[What you will do]:
Nothing but the lines below from the one holding "Modern Steel Front" up to and including the one holding "異素材ミックス ワイドパンツ デニム" should be copied, exactly and without pictures.

[Data extracts]:
^^^^

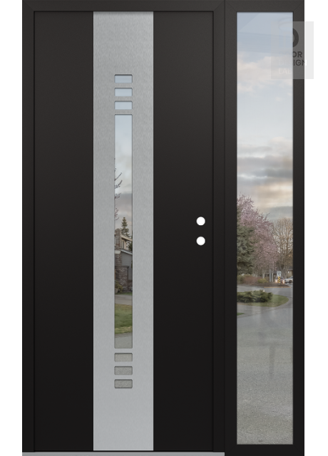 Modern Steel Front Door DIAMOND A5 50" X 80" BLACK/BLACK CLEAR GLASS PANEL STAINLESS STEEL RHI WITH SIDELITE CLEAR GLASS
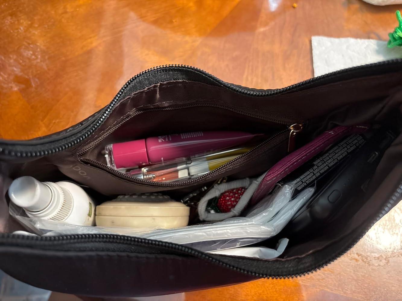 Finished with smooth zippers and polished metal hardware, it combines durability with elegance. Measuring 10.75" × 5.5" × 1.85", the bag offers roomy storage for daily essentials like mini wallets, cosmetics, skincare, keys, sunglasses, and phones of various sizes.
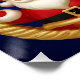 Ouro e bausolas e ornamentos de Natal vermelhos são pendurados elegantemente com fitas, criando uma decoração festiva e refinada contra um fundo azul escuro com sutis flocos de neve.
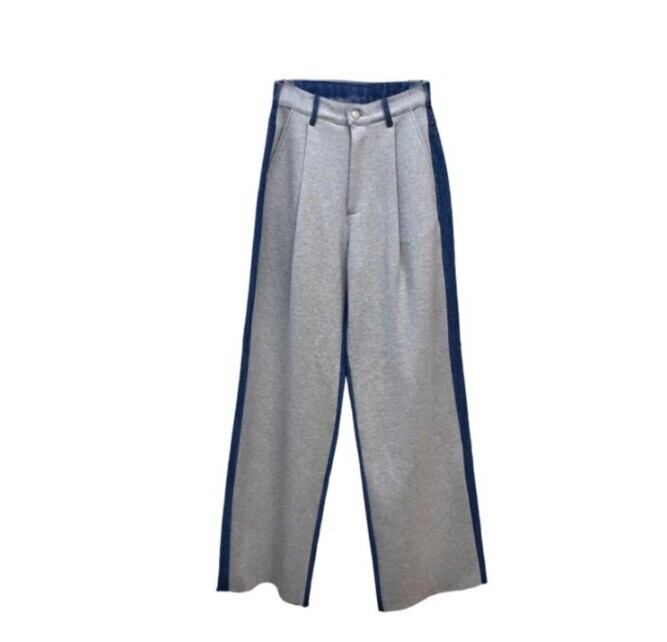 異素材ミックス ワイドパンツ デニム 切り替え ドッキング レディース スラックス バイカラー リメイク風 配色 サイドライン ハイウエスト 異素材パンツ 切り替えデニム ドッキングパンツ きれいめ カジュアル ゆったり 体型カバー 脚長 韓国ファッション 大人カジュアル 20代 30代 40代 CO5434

^^^^

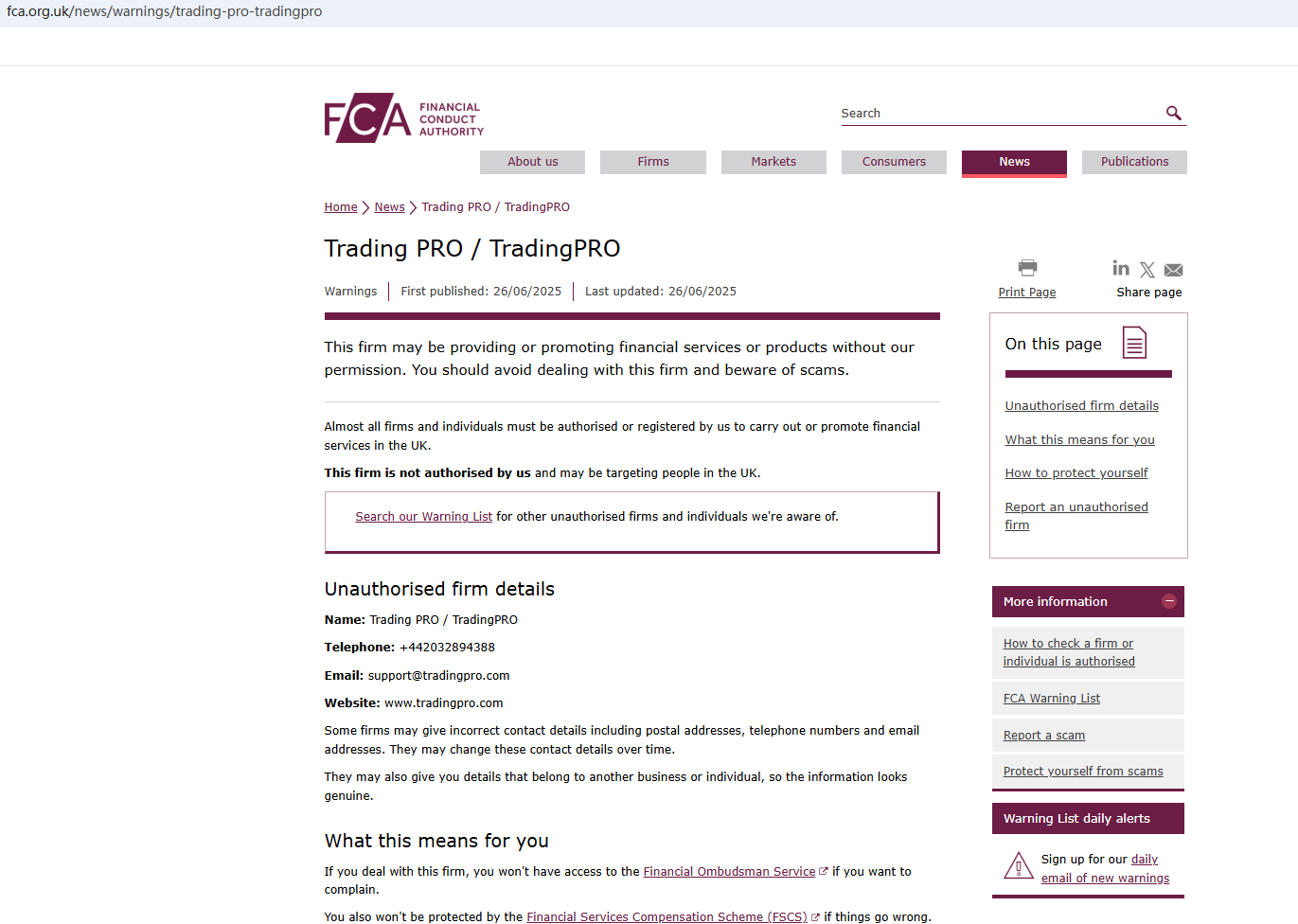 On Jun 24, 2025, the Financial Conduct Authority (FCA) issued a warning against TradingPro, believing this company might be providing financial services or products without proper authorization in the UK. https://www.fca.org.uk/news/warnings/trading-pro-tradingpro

^^^^

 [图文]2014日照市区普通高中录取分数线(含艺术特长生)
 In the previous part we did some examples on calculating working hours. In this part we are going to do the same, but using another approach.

^^^^

[Expected answer]:
 Modern Steel Front Door DIAMOND A5 50" X 80" BLACK/BLACK CLEAR GLASS PANEL STAINLESS STEEL RHI WITH SIDELITE CLEAR GLASS
 Finished with smooth zippers and polished metal hardware, it combines durability with elegance. Measuring 10.75" × 5.5" × 1.85", the bag offers roomy storage for daily essentials like mini wallets, cosmetics, skincare, keys, sunglasses, and phones of various sizes.
 Ouro e bausolas e ornamentos de Natal vermelhos são pendurados elegantemente com fitas, criando uma decoração festiva e refinada contra um fundo azul escuro com sutis flocos de neve.
 異素材ミックス ワイドパンツ デニム 切り替え ドッキング レディース スラックス バイカラー リメイク風 配色 サイドライン ハイウエスト 異素材パンツ 切り替えデニム ドッキングパンツ きれいめ カジュアル ゆったり 体型カバー 脚長 韓国ファッション 大人カジュアル 20代 30代 40代 CO5434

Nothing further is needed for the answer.